Today’s retail banking customers aren’t getting high-quality experiences from their contact centers. According to data from Deloitte, banking customers are less satisfied with contact center experiences (46% positive) than they are with online banking (65%) or with branch services (49%). These lower customer satisfaction levels could pose a risk for the industry and may motivate consumers to look for alternative financial solutions.
After investing significantly in digital experiences such as online banking, many organizations still have unrealized opportunities at the contact center. Fortunately, a digital revolution is changing how contact centers operate, creating options for financial institutions to reconnect with their customers through other channels.
If you want to improve your customer experience (CX), consider implementing these new technologies that have the potential to transform your retail banking business.
How Contact Centers Are Evolving
McKinsey reported that the COVID-19 pandemic accelerated retail banking consumers’ preference for digital channels by as much as three years, a significant change illustrating just how eager customers are for digital options. Already, contact centers have the potential to eliminate up to one-third of low-value activities to improve customer service, thanks to remote work and new technology.
Your contact center can use these trends to your advantage. Service automation, conversational AI, robotic process automation technology (RPA), voice-based banking and other tools can transform your CX and position your bank for the future of customer service and customer preferences.
5 Types of Automation in the Banking Industry
Customer service automation is one way that banks are improving their customer service in order to reduce churn, win over new customers and gain a competitive advantage.
Here are a few of the most popular types of automation tools banks are leveraging today.
1. Voice Recognition and Chatbots
Research shows that half of customers hang up phone calls with contact center agents after being on hold for only one minute. Although customers usually do want to communicate with human agents, higher contact center volumes make immediate conversations and short response times difficult for many financial institutions to accomplish.
If your agents are putting callers on hold or not immediately responding in chat, you’re probably losing customer conversations. Frustrated customers are more likely to walk away from your bank, potentially costing your organization.
With chat, you can use chatbots to start engaging with your customers instantly, keeping them engaged until an agent can take over. You can also assign agents based on keywords and language the artificial intelligence (AI)-powered tool sees in conversation with the customer, ensuring that the right agent is matched to the right inquiry every time.
Customers who are calling in can be matched with agents using machine learning and voice recognition. This way, your customers don’t have to repeat themselves explaining what they need.

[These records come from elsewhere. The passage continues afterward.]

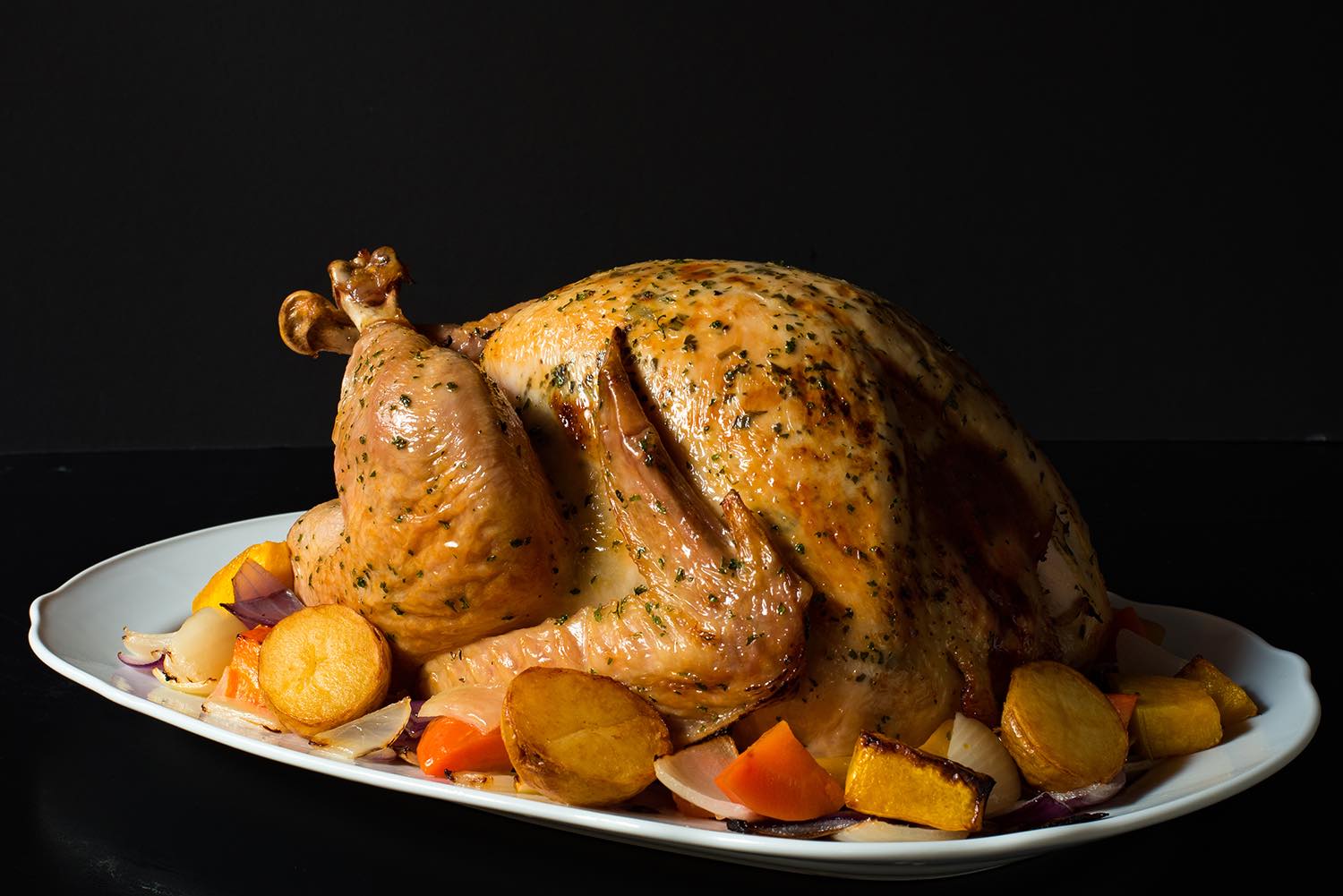 Whole young turkey. Eight to ten pounds, enough for eight to ten with sides. Butter, herbs and stuffing. Slow roasted. Accompanied with House Gravy and Cranberry Sauce.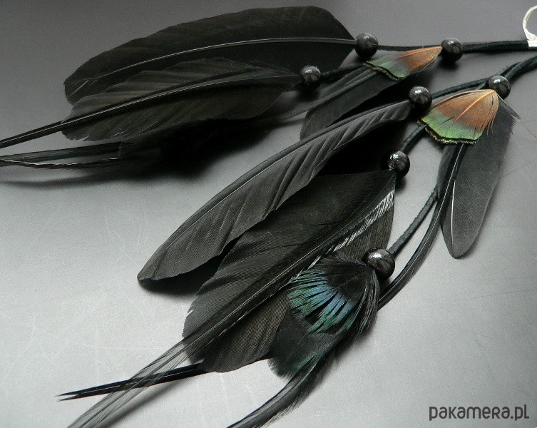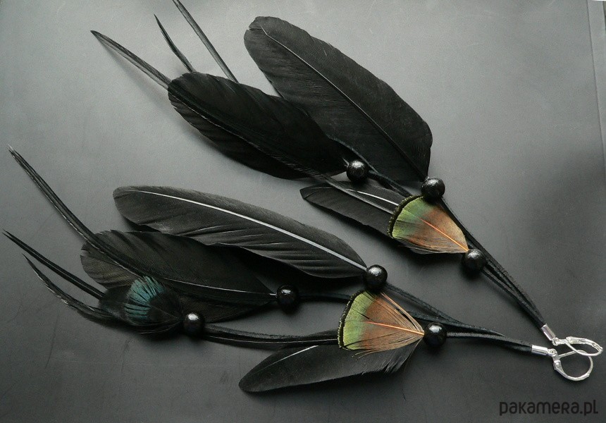 bardzo, bardzo długie kolczyki wykonane z piór, skórzanych rzemieni i elementów w kolorze srebra, w najdłuższym miejscu osiągają 22 cm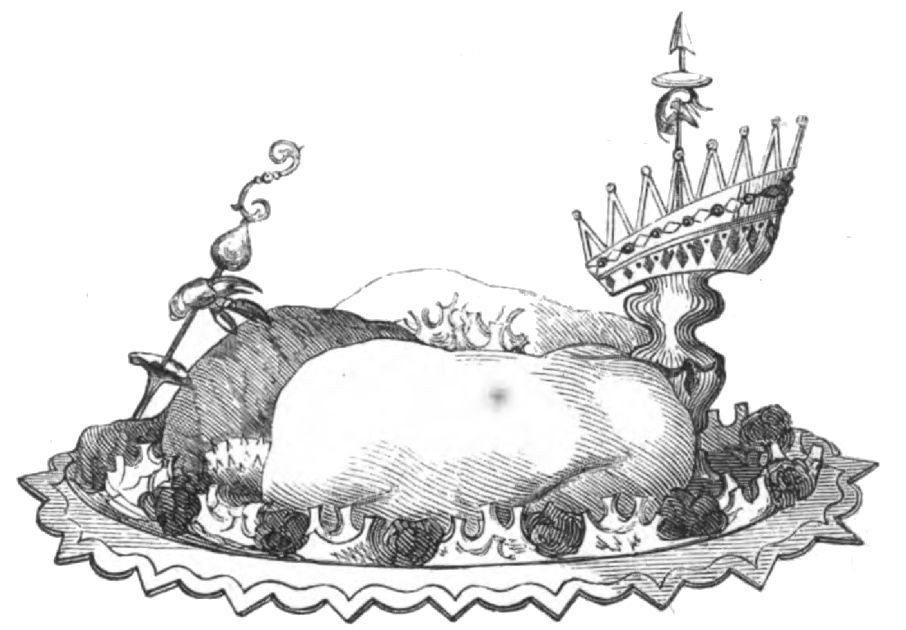 [9] The flesh of the wild boar being rather difficult to obtain in this country, the head being the only part considered worth presenting, the flesh of the common pig may be used for the forcemeat and interior, as well as the rind, which must be selected in pieces as large as possible; a bottle of common port wine is an improvement in the pickling.

2. Virtual Contact Centers
Remote work and improved technologies are also unlocking more geographic options for your bank’s contact center. This isn’t yesterday’s outsourcing. You can find U.S.-based or local talent and provide on-demand service for callers. Cloud computing and other technologies are making local agents a viable alternative for customer service.
Your virtual contact center agents can securely access the information they need on customer accounts and provide follow-the-sun availability through the use of offices and virtual work from different time zones.
3. Automated After-Call Work (ACW)
Contact center agents are busy with high call volumes and competing job demands. In some instances, these agents are too distracted to accurately or efficiently complete ACW when conversations with customers are finished. As a result, customer relationship management (CRM) information or essential data collection for tracking key performance indicators (KPIs) is compromised.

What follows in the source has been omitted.